Amanah, DAP to use PH logo in Johor election as sign of unity

This followed PKR’s announcement to use its logo in the Johor state election instead of the PH logo


PARTI Amanah Negara (Amanah) and Democratic Action Party (DAP) will continue to use the Pakatan Harapan (PH) logo for the upcoming Johor snap election and future activities, as a sign of unity among component parties.

This followed PKR’s announcement to use its logo in the Johor state election instead of the PH logo.

In a joint media statement yesterday, Amanah president Mohamad Sabu and DAP secretary general Lim Guan Eng said both parties respect PKR’s decision.

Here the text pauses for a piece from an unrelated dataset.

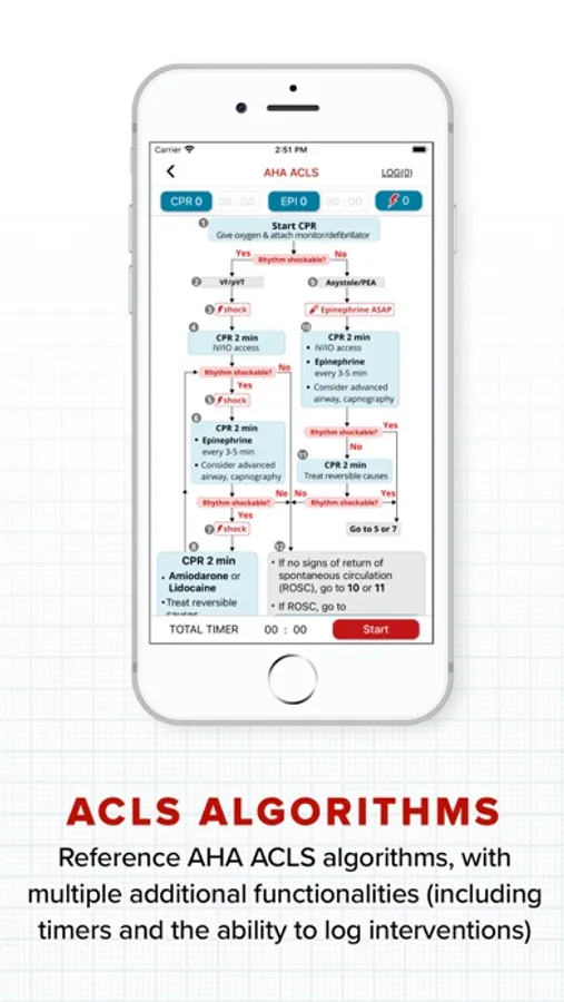 - Intuitive design to rapidly access 4 ACLS algorithms (i.e. cardiac arrest, tachycardia with pulse, bradycardia with pulse, and post cardiac arrest care)

“However, Amanah and DAP will continue to use the PH logo as a sign of unity that reflects our future commitment and aspiration to form a government through a united coalition,” they said.

Both Mohamad and Lim opined that component parties, as well as friendly parties should be together in both good times and bad.

They want all parties of the coalition to unite under a common symbol and adhere to common goals and political agendas, adding that the PH logo should be used to symbolise unity.

“A common logo is crucial to convincing voters that PH is serious about becoming a government and working to move together as a team in elections.

“Voters on the fence will typically give positive support to any coalition they believe can win, as well as be seen working together as a team, despite some differences between them,” they added.

The two leaders also reiterated that their parties will maintain PH’s commitment to meeting the needs of the people in Penang, Selangor and Negri Sembilan.

They also touched upon the historical trend of the ruling government consisting of a coalition of political parties.

“No party has won alone or has the right to rule on its own. That is why Umno has always been with Barisan Nasional (BN) and continues to use the BN logo even though it has been the dominant party in the country for the past few decades,” they said.

After PH’s win in the 2018 General Election, the coalition was finally registered with its own logo, which Datuk Seri Anwar Ibrahim had used as his campaign symbol during his comeback in the Port Dickson by-election.

The exemption to use this logo was only given to PH’s component parties in Sabah and Sarawak on the basis of the special status and autonomy of the Borneo provinces.

“In this Johor snap election, all opposition parties will face a tough fight against Umno-BN and the Perikatan Nasional (PN).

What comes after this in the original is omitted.